▶ _What you will do_:
Quote the whole listing exactly. Leave the pictures out of your copy.

▶ _Supplied information_:
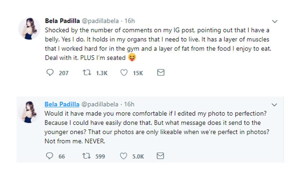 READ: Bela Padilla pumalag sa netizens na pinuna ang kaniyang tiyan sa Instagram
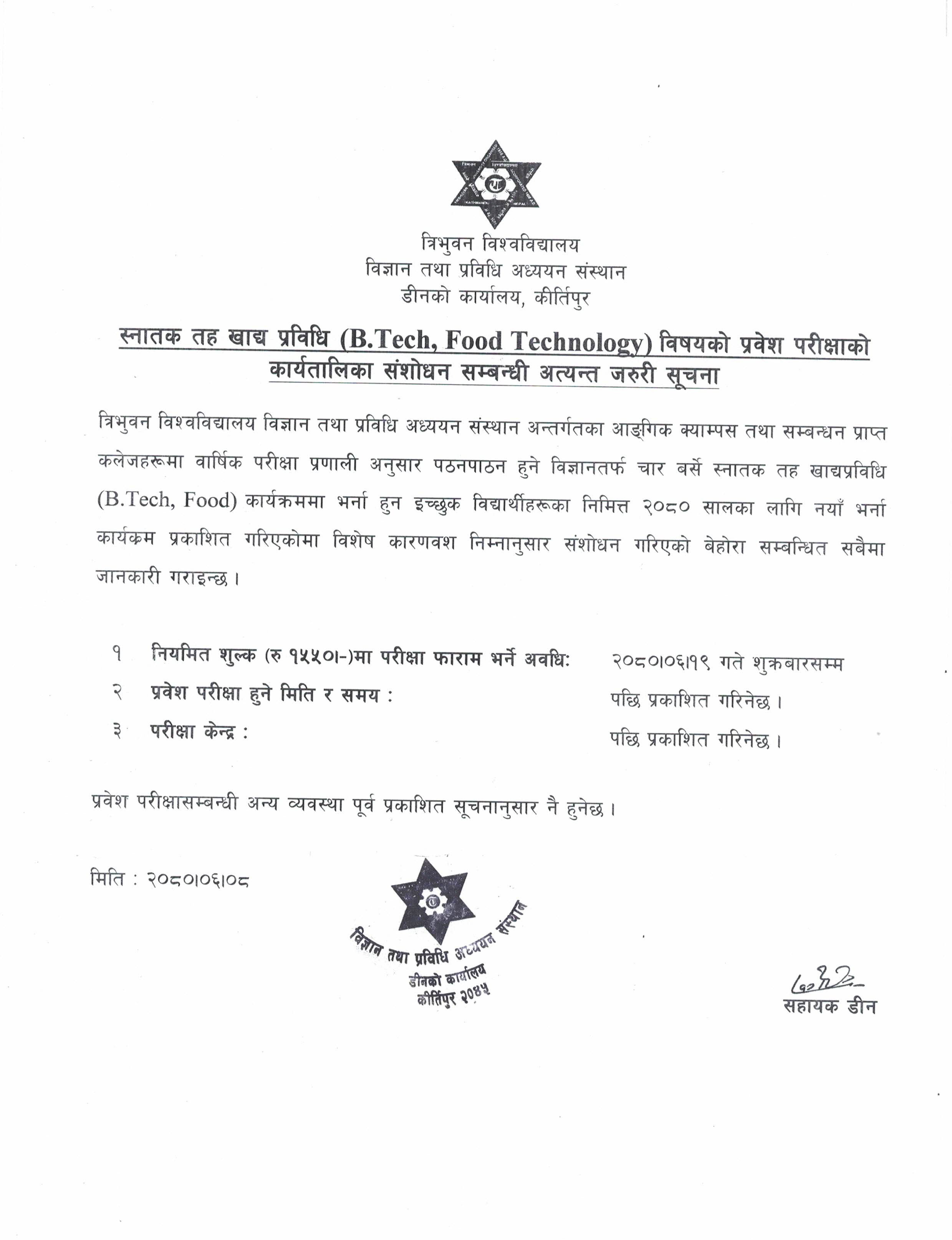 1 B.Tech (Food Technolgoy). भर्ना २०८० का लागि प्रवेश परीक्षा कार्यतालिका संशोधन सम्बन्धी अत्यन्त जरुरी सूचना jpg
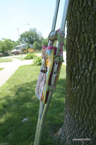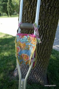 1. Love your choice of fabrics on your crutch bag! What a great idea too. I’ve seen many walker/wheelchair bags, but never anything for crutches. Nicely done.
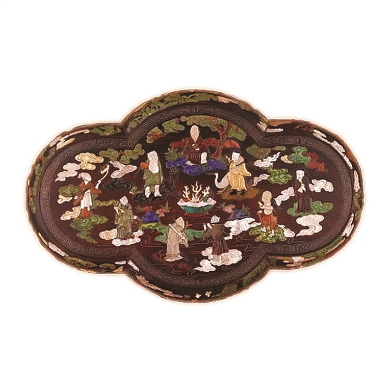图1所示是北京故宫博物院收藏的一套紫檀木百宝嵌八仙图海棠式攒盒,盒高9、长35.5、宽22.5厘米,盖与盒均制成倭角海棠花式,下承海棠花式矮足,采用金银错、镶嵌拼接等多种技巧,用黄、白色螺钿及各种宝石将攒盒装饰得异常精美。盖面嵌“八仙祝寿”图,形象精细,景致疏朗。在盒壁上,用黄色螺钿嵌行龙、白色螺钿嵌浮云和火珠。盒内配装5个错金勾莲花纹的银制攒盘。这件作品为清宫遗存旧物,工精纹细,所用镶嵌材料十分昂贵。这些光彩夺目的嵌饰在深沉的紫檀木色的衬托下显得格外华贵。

▶ _Answer box_:
 READ: Bela Padilla pumalag sa netizens na pinuna ang kaniyang tiyan sa Instagram
 1 B.Tech (Food Technolgoy). भर्ना २०८० का लागि प्रवेश परीक्षा कार्यतालिका संशोधन सम्बन्धी अत्यन्त जरुरी सूचना jpg
 1. Love your choice of fabrics on your crutch bag! What a great idea too. I’ve seen many walker/wheelchair bags, but never anything for crutches. Nicely done.
图1所示是北京故宫博物院收藏的一套紫檀木百宝嵌八仙图海棠式攒盒,盒高9、长35.5、宽22.5厘米,盖与盒均制成倭角海棠花式,下承海棠花式矮足,采用金银错、镶嵌拼接等多种技巧,用黄、白色螺钿及各种宝石将攒盒装饰得异常精美。盖面嵌“八仙祝寿”图,形象精细,景致疏朗。在盒壁上,用黄色螺钿嵌行龙、白色螺钿嵌浮云和火珠。盒内配装5个错金勾莲花纹的银制攒盘。这件作品为清宫遗存旧物,工精纹细,所用镶嵌材料十分昂贵。这些光彩夺目的嵌饰在深沉的紫檀木色的衬托下显得格外华贵。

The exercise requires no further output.